Well word was out that day that the Tejas will fly twice - and I was excited to see it after seeing it in 2009. I was more interested to see what modifications they had done to her display profile since 2009. While I was trying to sort out my pass for the event at Brigade Road, my mind was more focused on being at Yelahanka where the show was being held. Finally we made it out to the field, and just about in time - I heard the familiar noise of a jet engine spooling up - it was the engine of the Tejas and after a short while it taxied out. When I first saw it thundering down the runway, my eyes lit up - they had added the Smoke winders - smoke generators on the wingtips that generate smoke and add to the visual treat.
Apart from photographing Tejas, what is your opinion on how the Tejas programme has contributed as a whole to India's capability in terms of design and development of fighter aircraft?
I think that there is tremendous scope of stimulating aerospace and allied industries in our country. The Tejas programme has spurred a lot of big corporates as well as small time but, specialized companies in developing and mass producing aerospace components.
How different is photographing Tejas as compared to other contemporary aircraft?
The Tejas is a much more compact and small sized aircraft as compared to the others and that makes it very difficult to track. Add to that if the weather is not cooperative - sky is grey - then it does not help the camera in tracking it, since there is no contrast. That I think is the biggest difference in snapping Tejas compared to other aircraft.

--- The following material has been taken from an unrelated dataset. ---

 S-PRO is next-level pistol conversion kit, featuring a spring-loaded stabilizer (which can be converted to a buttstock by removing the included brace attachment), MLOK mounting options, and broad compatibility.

Given your love for photographing different fighter aircraft, do you feel a sense of pride when you see Tejas?
Of course! I had been taking pictures of US and other aircraft for quite some years. So when I heard the IAF is going to be in town for the Red Flag exercises I jumped at the opportunity. It is a natural feeling of pride that one gets when he/she is taking pictures of aircraft flown in their country's colours. To top it, it is a great feeling to take pictures of something that your nation has produced. Part of photographing indigenous aircraft is one appreciates the time, effort and energy put into this by the individuals who have worked on this aircraft. It’s all the systems and wires, and mechanical parts that come together acting as a system to put the aircraft in the air.
Which is your favourite Tejas photo and why?

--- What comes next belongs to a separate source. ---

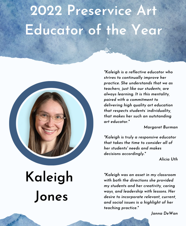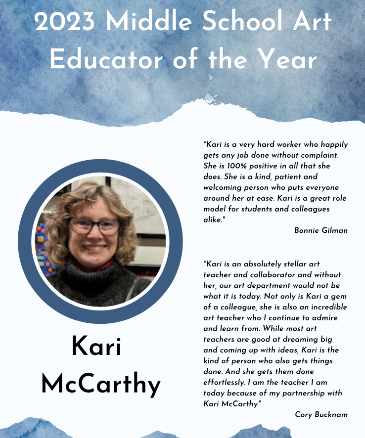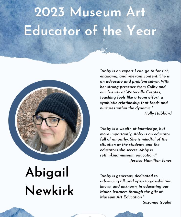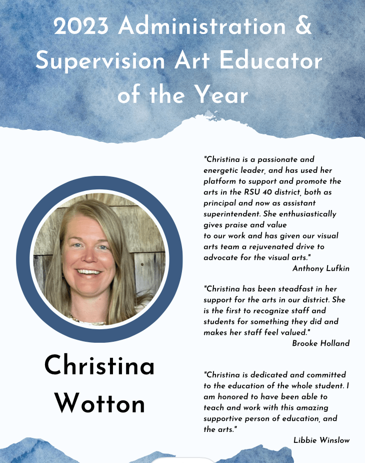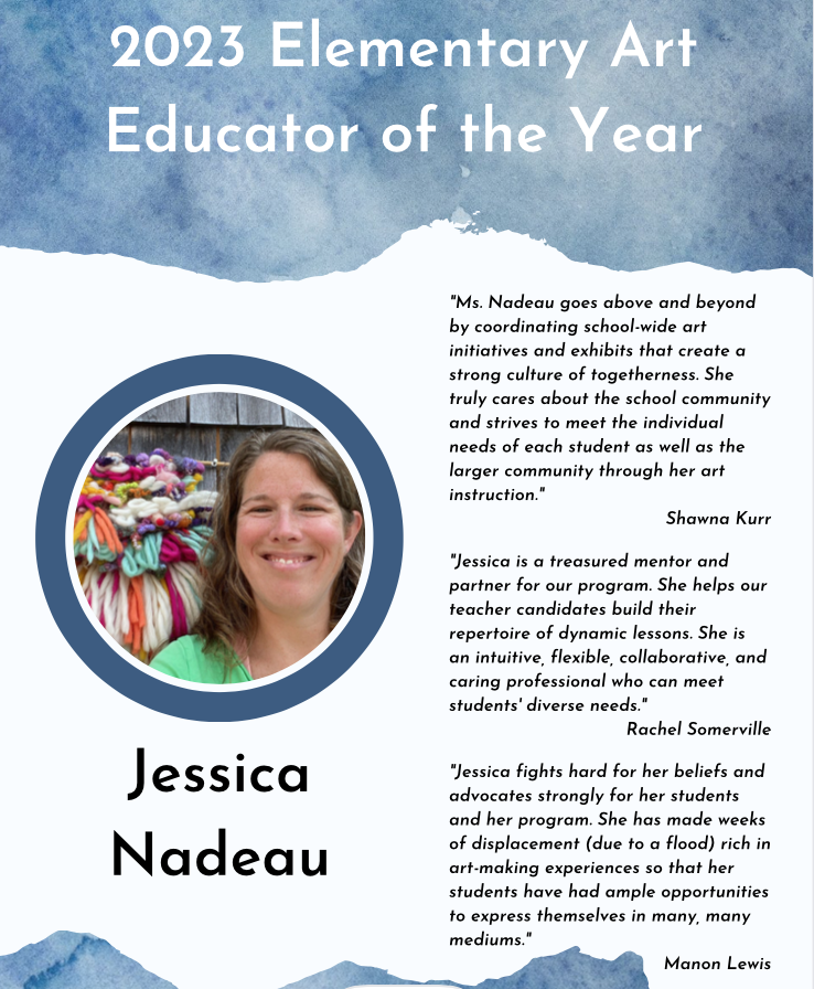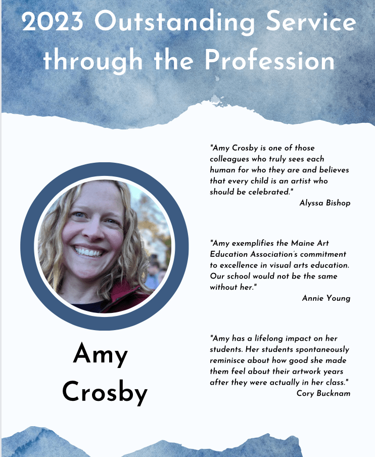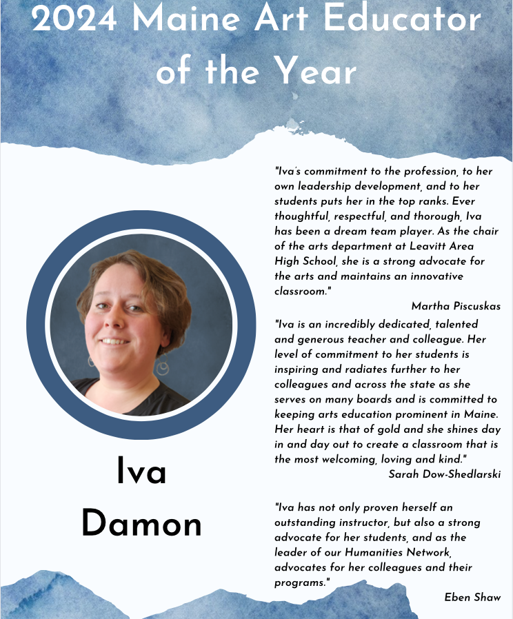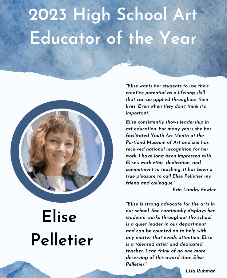Each Spring the Maine Art Education Association (MAEA) presents awards to individuals who are committed to quality visual art education. Some of these educators have been in the ‘trenches’ with ‘kids’, of all ages, for many years. Others are just beginning their careers, and yet others support quality art education from a distance impacting the lives of learners. Each individual is to be commended for their contributions to the profession.

I love all of them - but a couple are my favourites. One is of the Tejas rocketing skywards with the afterburner lit - the rings of the engines are partially seen in that shot - feels like "Touch the Sky with Glory". And the second one is of a roll caught at the right time - looking at it almost feels like the Tejas is rolling in for a simulated ground attack and stops just short of rockets and guns blazing.

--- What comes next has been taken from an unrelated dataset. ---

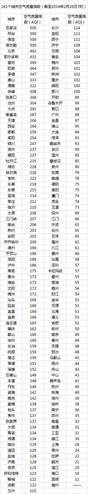 说明:自2014年1月1日起,环保部发布空气质量实时信息、空气质量月报及参与空气质量排名的地级城市已由74个增加到161个,包含了直辖市、省会城市、计划单列市、“三区”所有地级城市、环保重点城市和环保模范城市。人民网环保频道将采用环保部的官方数据,对161个城市每日空气质量进行排行。

You have taken up flying yourself. Which aircrafts have you flown till date?
I first flew in a Primorets Glider in Nashik and soloed in it in 1994. After that fast forward 11 years to 2005, when I flew the Cessna 152 in my first flight with my instructor, but then decided to go with the Cessna 172 Skyhawk for the remainder of the training, and that is what I fly today.
What has your own experience of flying been like?
Flying for me is like trying to find a new world, within. It acts as a de-stressor from the problems of the world I live in. It gives one a different perspective on the mundane things he/she does in normal life. It is something special, not ordinary. If I haven’t done flying lately, the mind itches to get back in the air. Again, it is refreshing, awesome, and an unforgiving experience - one needs to be ahead of the aircraft; otherwise it leads you, not the other way round. When I am up there; it’s only flying, instruments, ATC communications, and the view that is on my mind - nothing else matters.